■ **Data extract**:
▽

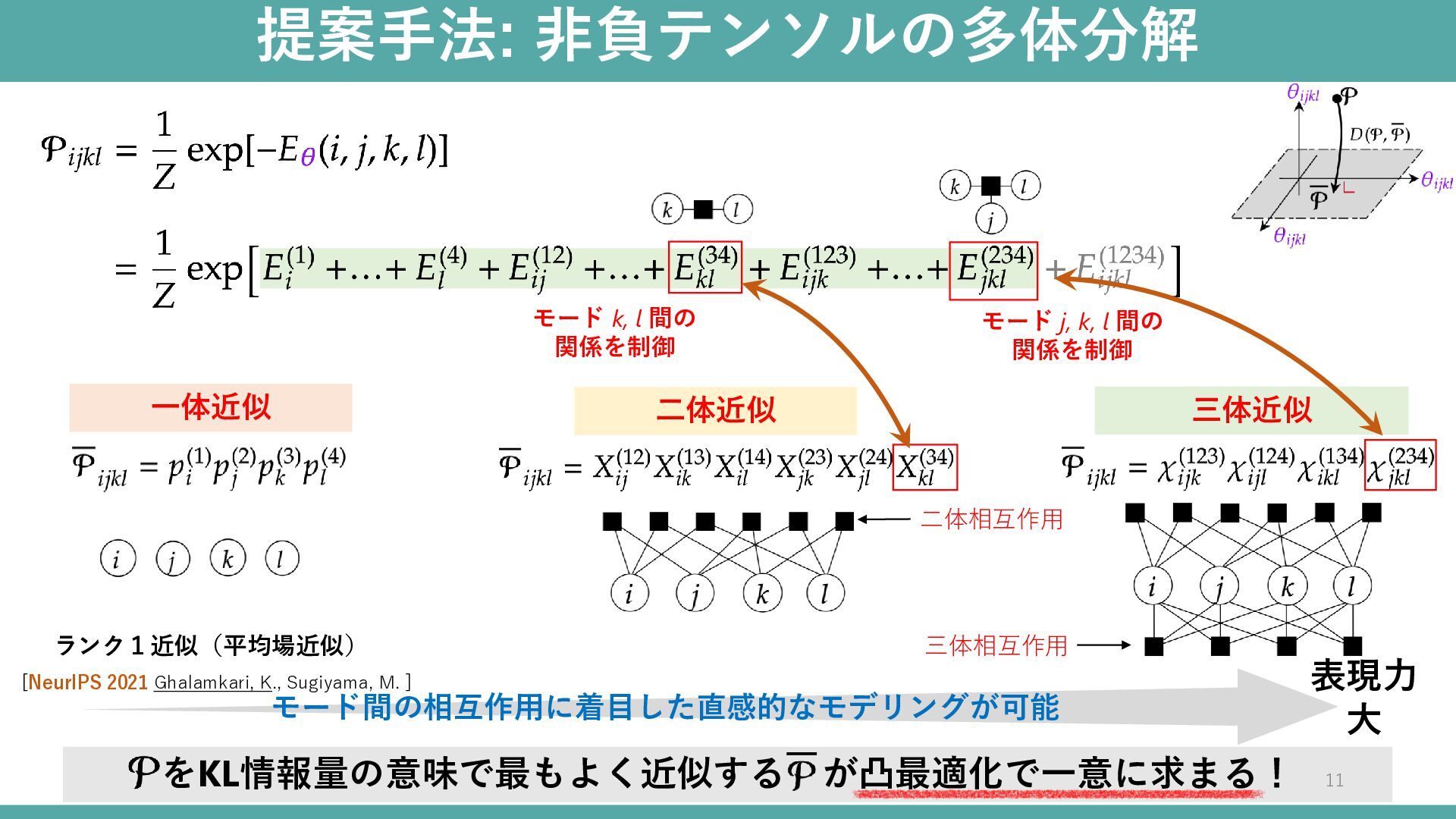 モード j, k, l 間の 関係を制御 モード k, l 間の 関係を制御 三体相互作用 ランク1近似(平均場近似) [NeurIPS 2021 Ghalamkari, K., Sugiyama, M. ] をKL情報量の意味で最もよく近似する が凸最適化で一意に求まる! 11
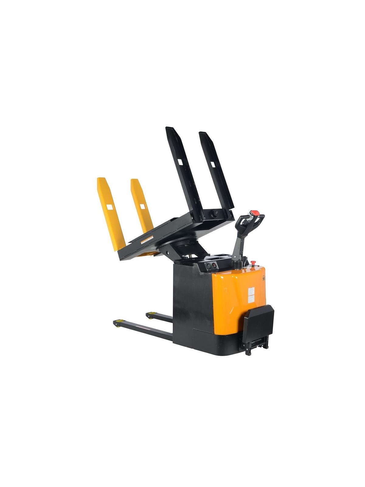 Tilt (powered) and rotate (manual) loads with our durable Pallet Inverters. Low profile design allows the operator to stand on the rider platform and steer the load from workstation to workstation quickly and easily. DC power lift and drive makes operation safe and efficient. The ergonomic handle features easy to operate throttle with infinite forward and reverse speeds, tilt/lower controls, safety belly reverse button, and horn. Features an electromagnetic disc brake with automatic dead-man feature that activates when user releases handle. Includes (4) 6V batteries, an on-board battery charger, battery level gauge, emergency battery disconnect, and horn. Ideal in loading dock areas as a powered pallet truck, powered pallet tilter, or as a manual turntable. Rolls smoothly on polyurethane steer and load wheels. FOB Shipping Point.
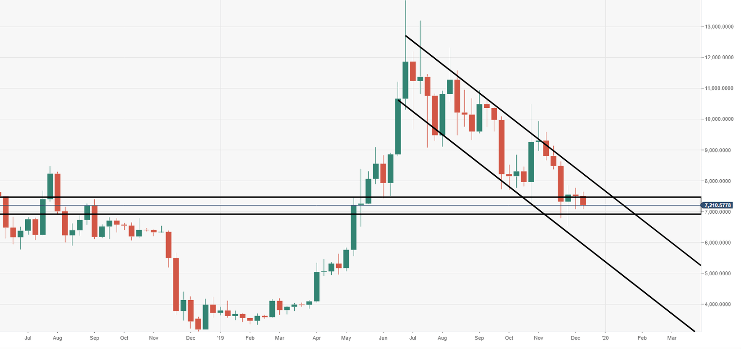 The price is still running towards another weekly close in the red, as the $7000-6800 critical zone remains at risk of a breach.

△

■ **Task details**:
Set the data above down again exactly as given, with no pictures.

■ **Exercise result**:
 モード j, k, l 間の 関係を制御 モード k, l 間の 関係を制御 三体相互作用 ランク1近似(平均場近似) [NeurIPS 2021 Ghalamkari, K., Sugiyama, M. ] をKL情報量の意味で最もよく近似する が凸最適化で一意に求まる! 11
 Tilt (powered) and rotate (manual) loads with our durable Pallet Inverters. Low profile design allows the operator to stand on the rider platform and steer the load from workstation to workstation quickly and easily. DC power lift and drive makes operation safe and efficient. The ergonomic handle features easy to operate throttle with infinite forward and reverse speeds, tilt/lower controls, safety belly reverse button, and horn. Features an electromagnetic disc brake with automatic dead-man feature that activates when user releases handle. Includes (4) 6V batteries, an on-board battery charger, battery level gauge, emergency battery disconnect, and horn. Ideal in loading dock areas as a powered pallet truck, powered pallet tilter, or as a manual turntable. Rolls smoothly on polyurethane steer and load wheels. FOB Shipping Point.
 The price is still running towards another weekly close in the red, as the $7000-6800 critical zone remains at risk of a breach.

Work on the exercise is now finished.